_TASK DESCRIPTION_:
Make an exact copy of all the data, pictures excluded.

_RAW DATA_:
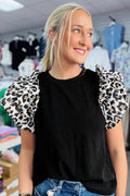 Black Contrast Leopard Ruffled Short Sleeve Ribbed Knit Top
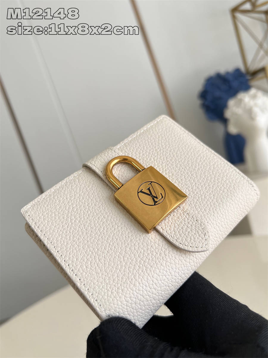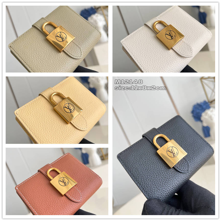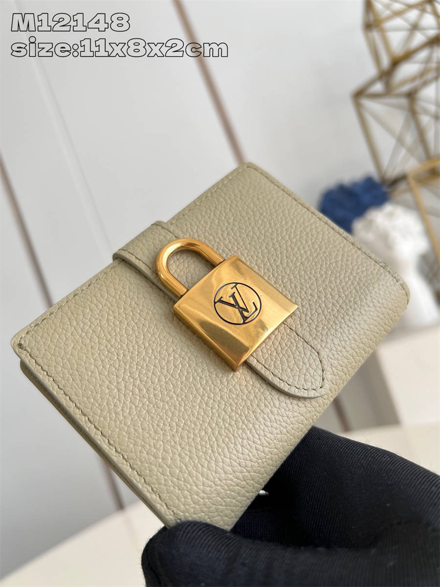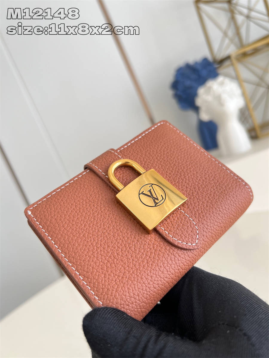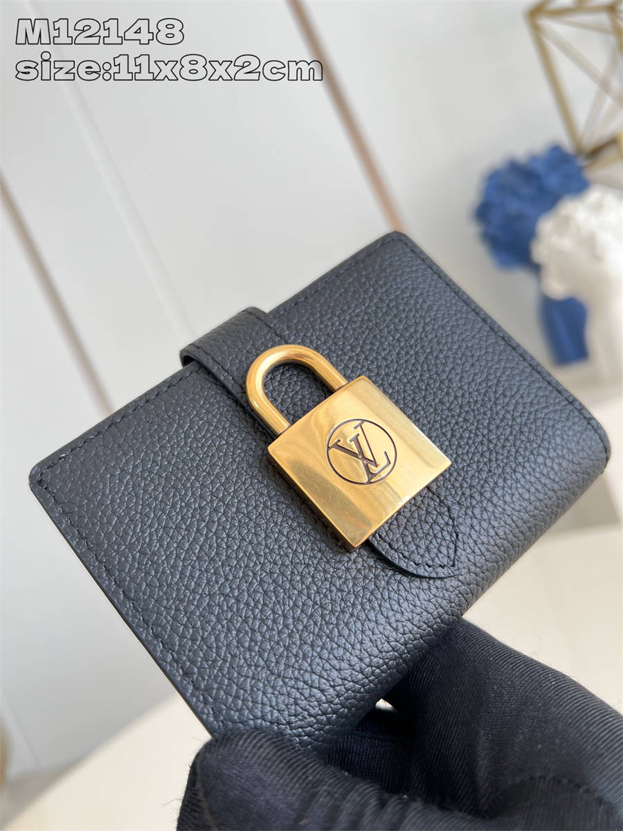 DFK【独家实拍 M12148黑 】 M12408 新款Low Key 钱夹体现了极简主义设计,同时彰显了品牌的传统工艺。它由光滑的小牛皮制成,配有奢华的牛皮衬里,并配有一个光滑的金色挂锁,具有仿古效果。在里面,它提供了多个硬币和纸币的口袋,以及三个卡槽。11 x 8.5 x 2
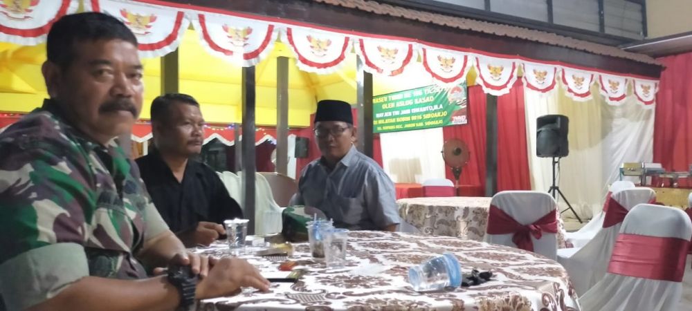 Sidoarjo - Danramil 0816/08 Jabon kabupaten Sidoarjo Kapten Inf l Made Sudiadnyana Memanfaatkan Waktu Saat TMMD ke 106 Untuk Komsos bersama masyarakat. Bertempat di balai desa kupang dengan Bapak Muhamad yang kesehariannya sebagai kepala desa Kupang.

_ANSWER BOX_:
 Black Contrast Leopard Ruffled Short Sleeve Ribbed Knit Top
 DFK【独家实拍 M12148黑 】 M12408 新款Low Key 钱夹体现了极简主义设计,同时彰显了品牌的传统工艺。它由光滑的小牛皮制成,配有奢华的牛皮衬里,并配有一个光滑的金色挂锁,具有仿古效果。在里面,它提供了多个硬币和纸币的口袋,以及三个卡槽。11 x 8.5 x 2
 Sidoarjo - Danramil 0816/08 Jabon kabupaten Sidoarjo Kapten Inf l Made Sudiadnyana Memanfaatkan Waktu Saat TMMD ke 106 Untuk Komsos bersama masyarakat. Bertempat di balai desa kupang dengan Bapak Muhamad yang kesehariannya sebagai kepala desa Kupang.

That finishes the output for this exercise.